Malabar Branch Library is a branch library of the Los Angeles Public Library located in the Boyle Heights section of Los Angeles, California.

The Malabar Branch began in 1914 as a book depository in a Sunday school room at the Brooklyn Heights Methodist Church on the corner of Evergreen Avenue and Malabar Street. The original collection consisted of approximately 900 books that were checked out on the honor system.

In 1925, a bond issue was passed by Los Angeles voters providing funds for the construction of 14 new branch libraries, including the current Malabar Branch.

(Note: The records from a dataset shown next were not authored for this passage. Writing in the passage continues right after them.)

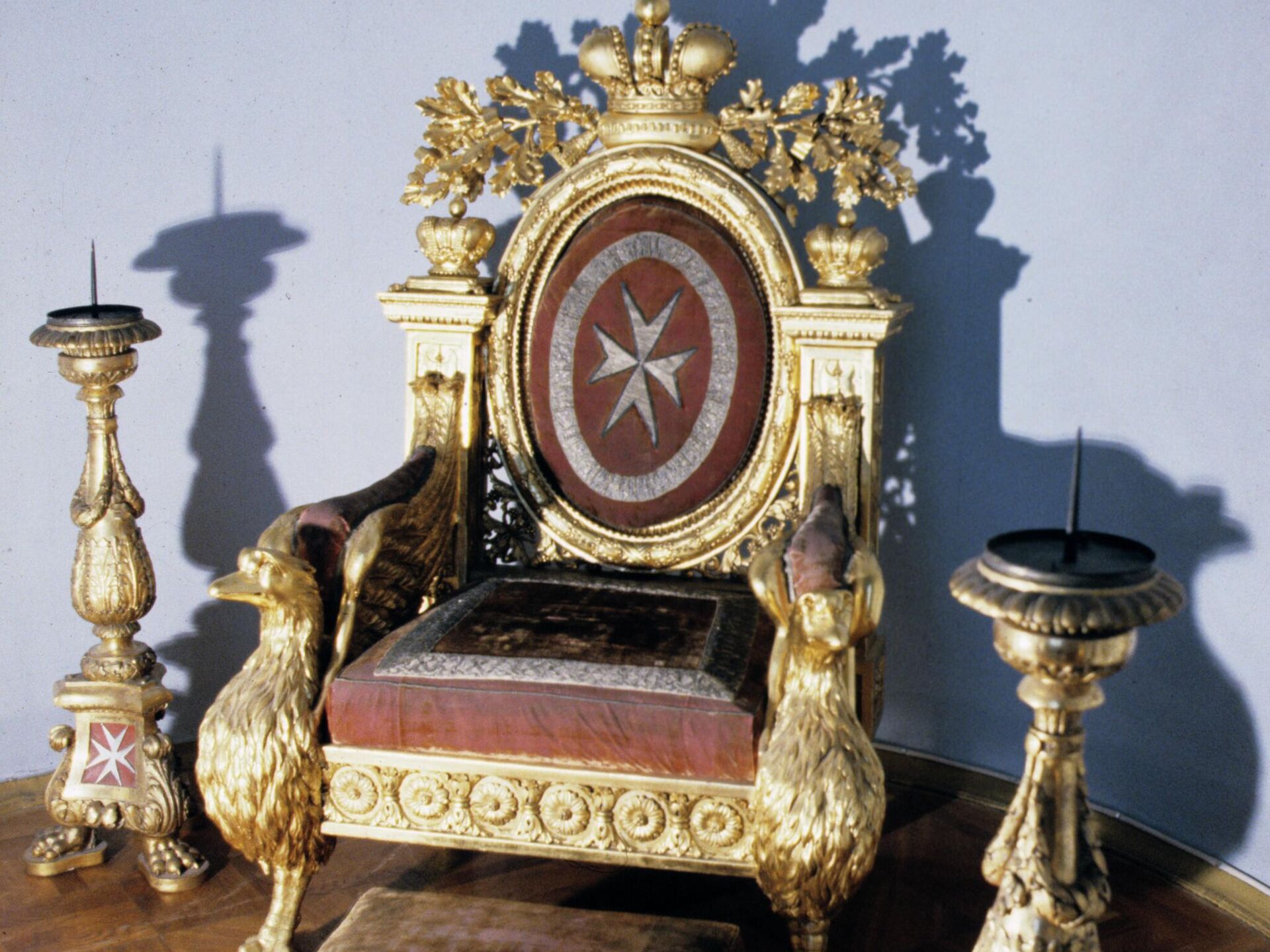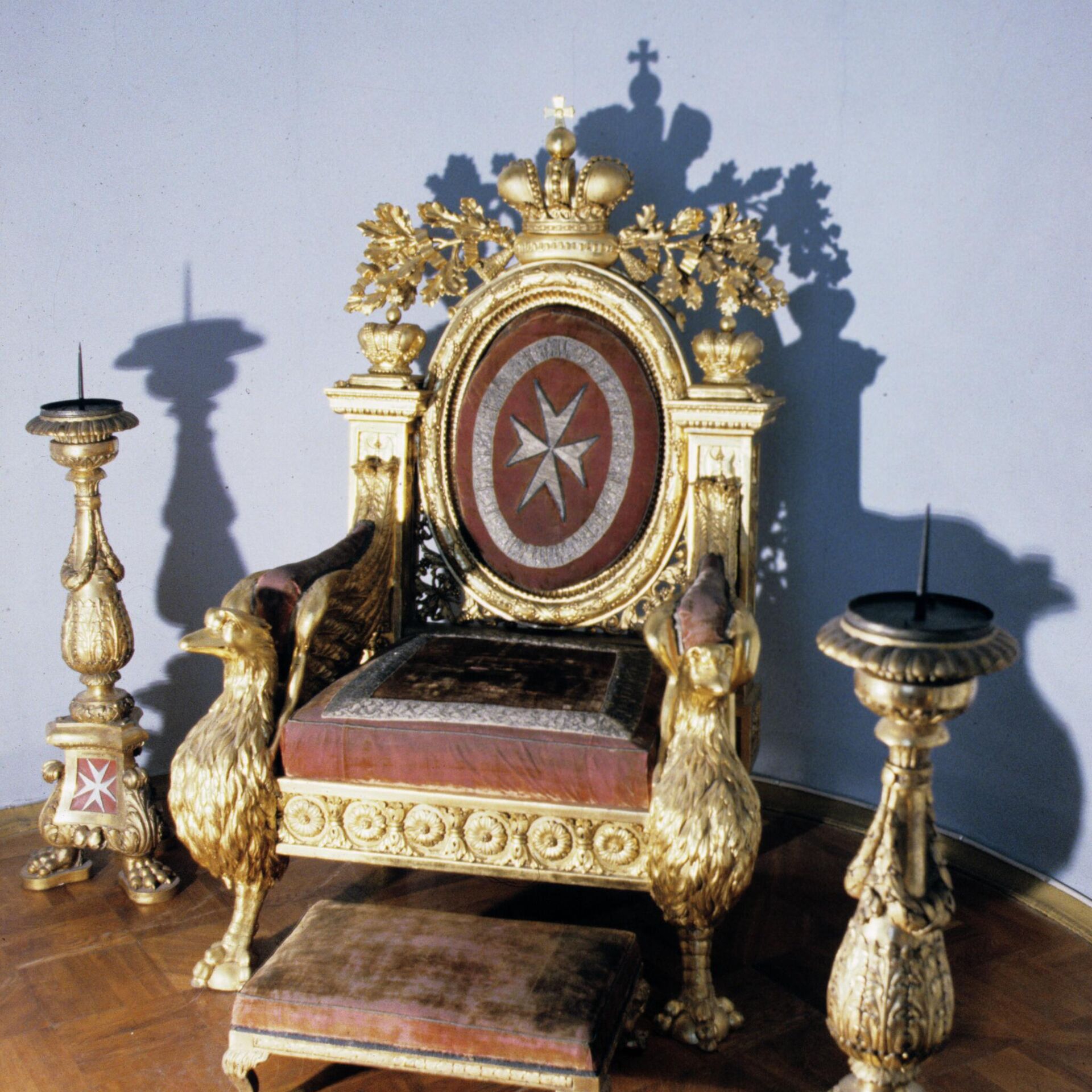 Трон и скамеечка были изготовлены в 1799-1800 годах по проекту архитектора Джакомо Кваренги специально для императора Павла I, который в 1798 году был провозглашен Великим магистром Мальтийского ордена.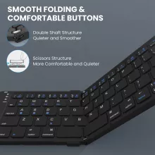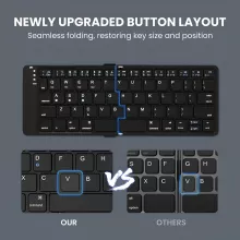 This Bluetooth keyboard is built for the modern professional, combining cutting-edge technology with user-friendly functionality. With a Broadcom US Bluetooth 5.1 chipset, enjoy low latency and stable connections every time you type. The ability to sync up to three devices simultaneously and switch between them at the press of a button makes this keyboard a multitasker’s dream. Its staggered folding design ensures comfortable typing without sacrificing portability, while the smart power-saving feature enhances its efficiency.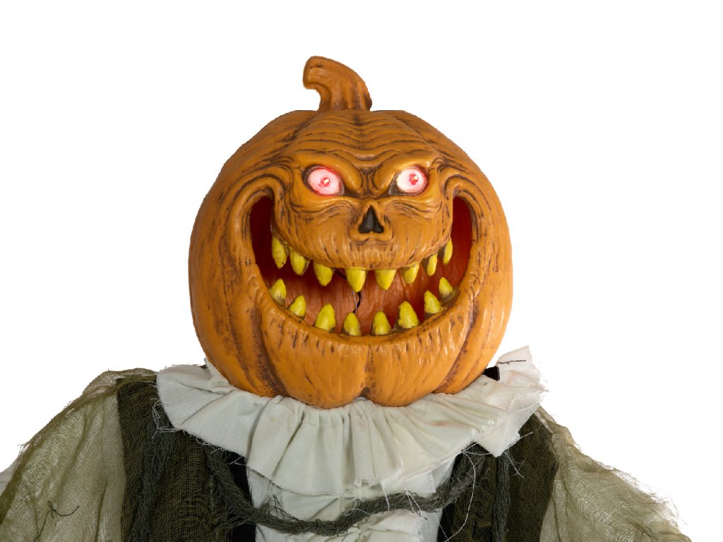 Stále hledáte vhodnou dekoraci pro halloweenskou párty? Stojící figurína dýňového muže je kombinací dýně a zombie s červeně svítícíma LED očima. I když je oblečený do nabírané košile, oblekových kalhot a tílka, neskrývá to jeho příšerné úmysly. Z jeho obří dýňové hlavy s velkými ústy a žlutými špičatými zuby vám tuhne krev v žilách. Pohupuje tělem sem a tam a je slyšet hlasité sténání a vzlyky. Jeho paže s nadměrně velkýma kostěnýma rukama lze snadno ohnout do požadovaného tvaru. Animace postavy se aktivuje vestavěným mikrofonem nebo kabelovým ručním ovládáním. Před uvedením do provozu zajistěte dostatečnou vzdálenost od ostatních objektů, protože figurína se pohybuje nepravidelně.Baterie: 3 x Mignon (AA, není součástí balení)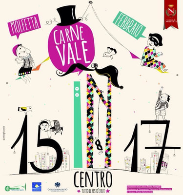 Sarà un Carnevale per i bambini e in centro a Molfetta per promuovere e incentivare il commercio di prossimità. Domenica 15 e martedì 17 gli eventi si concentreranno lungo Corso Umberto con un parco gonfiabili e parate di mascotte a cura di Frog, laboratori di maschere con materiale di riciclo grazie a La Voce di Sant'Andrea, le associazioni Terrae e Naturalia aiuteranno i bambini a diventare cavalieri e dame medioevali e ci sarà la musica di RadioIdea e lo spettacolo di Pulcinella del Carro dei Comici.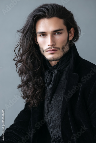 man, victorian, historical, jacket, vampire, gothic, romantic, moody, elegant, dark, vintage, black, fashion, aristocratic, mysterious, dramatic, intense, photogenic, regal, classic, brooding, tailored, timeless, dandy, refined, formal, old world, baroque, gentleman, cinematic, steely, theatrical, aesthetic, portrait, opulent, textured, chiseled, masculine, fantasy, period, hair, long hair, pale, beard, vertical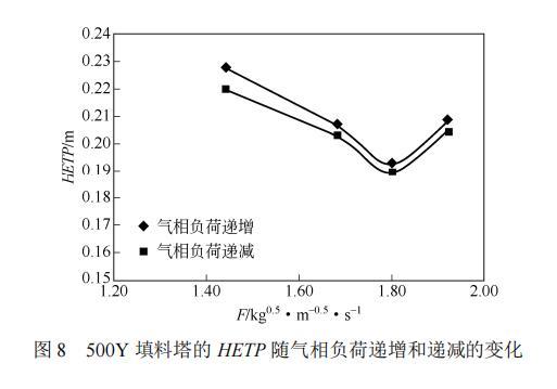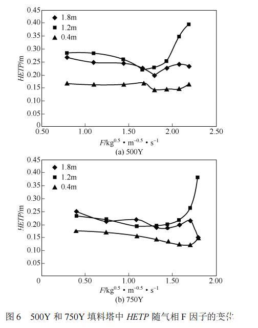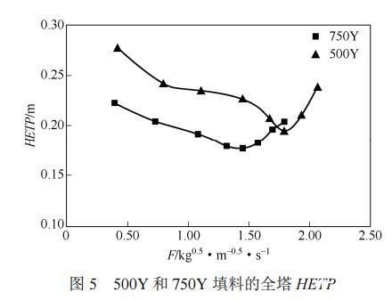 圖5表示500Y和750Y填料塔HETP值隨氣相F因子的變化。由圖5可以看出,泛點以下,兩種填料的HETP隨氣相F因子的增大而減小,即傳質(zhì)效率隨氣液相負(fù)荷的增加而升高;泛點以上,兩種填料的HETP隨氣相F因子的增大而增大,即傳質(zhì)效率隨氣液相負(fù)荷的增加而降低。這是因為泛點以下,隨氣相負(fù)荷的增大,氣相傳質(zhì)系數(shù)和傳質(zhì)界面積均增大。全回流條件下,液相流速和氣相流速變化一致,氣相負(fù)荷增大時,液相負(fù)荷也增加,大液量提高了填料的潤濕率,增加了有效傳質(zhì)界面積;另一方面高氣速增加了液膜的湍動,也會增加有效傳質(zhì)界面積。

Construction on the new Mediterranean Revival-Spanish Colonial Revival building started in 1926, and the new library was opened in May 1927. The building was designed by architect William Lee Woollett.

The Malabar Branch was damaged in the 1987 Whittier Narrows earthquake and was closed. The branch was extensively renovated and reopened in 1992 with separate reading rooms for adults and children, a multipurpose room and a patron services room.

In 1987, the Malabar Branch and several other branch libraries in Los Angeles were added to the National Register of Historic Places as part of a thematic group submission. The application noted that Malabar Branchis a one-story, brick structure designed in a revival style reminiscent of rural Latin America.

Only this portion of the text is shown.